The summit also unveiled the Content India Trends Report, whose findings made for bracing reading. Daoud Jackson, senior analyst at OMDIA, set the tone: “By 2030, online video in India will nearly double the revenue of traditional TV, becoming the main driver of growth.” He noted that in 2025, India produced a quarter of all YouTube videos globally, overtaking the United States, while Indians collectively spend 117 years daily on YouTube and 72 years on Instagram. Traditional subscription TV is declining as free TV and connected TV gain ground, forcing broadcasters to innovate. “AI-generated content is just 2 per cent of engagement,” Jackson added, “highlighting the dominance of high-quality human content. The key for Indian media companies is scaling while monetising effectively from day one.”

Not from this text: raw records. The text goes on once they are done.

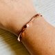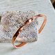 手工制作,专属定制充满纪念的最佳礼物,表面敲上不规则的水波纹纹路,手环内侧可以定制名字或是喜欢的英文字句,量身订作,给独一无二的你
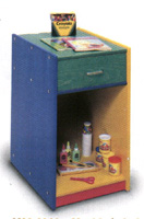 Un meuble de rangement avec tiroir pour protéger et organiser fournitures, papiers et autres matériel. Le dessus peut accomoder un petit présentoir alors que l'espace intérieure permet de ranger des piles de matériel ou d'y mettre des titres en évidence.
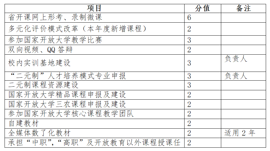 教师本年度参与教学改革创新项目及分值见下表,本项最高得分15分为限。

Hannah Walsh, principal analyst at Ampere Analysis, added hard numbers to the picture. India produced over 24,000 titles in January 2026 alone, with 19,000 available internationally. The country now accounts for 12 per cent of Asia-Pacific content spend, up from 8 per cent in 2021, outpacing both Japan and China. Key exporters include JioStar, Zee Entertainment, Sony India, Amazon and Netflix, delivering over 7,500 Indian-produced titles abroad each year. The top importing markets are Saudi Arabia, the UAE, Egypt, the United States and the Philippines. Scripted content dominates globally at 88 per cent, with crime dramas and children’s and family titles performing particularly strongly.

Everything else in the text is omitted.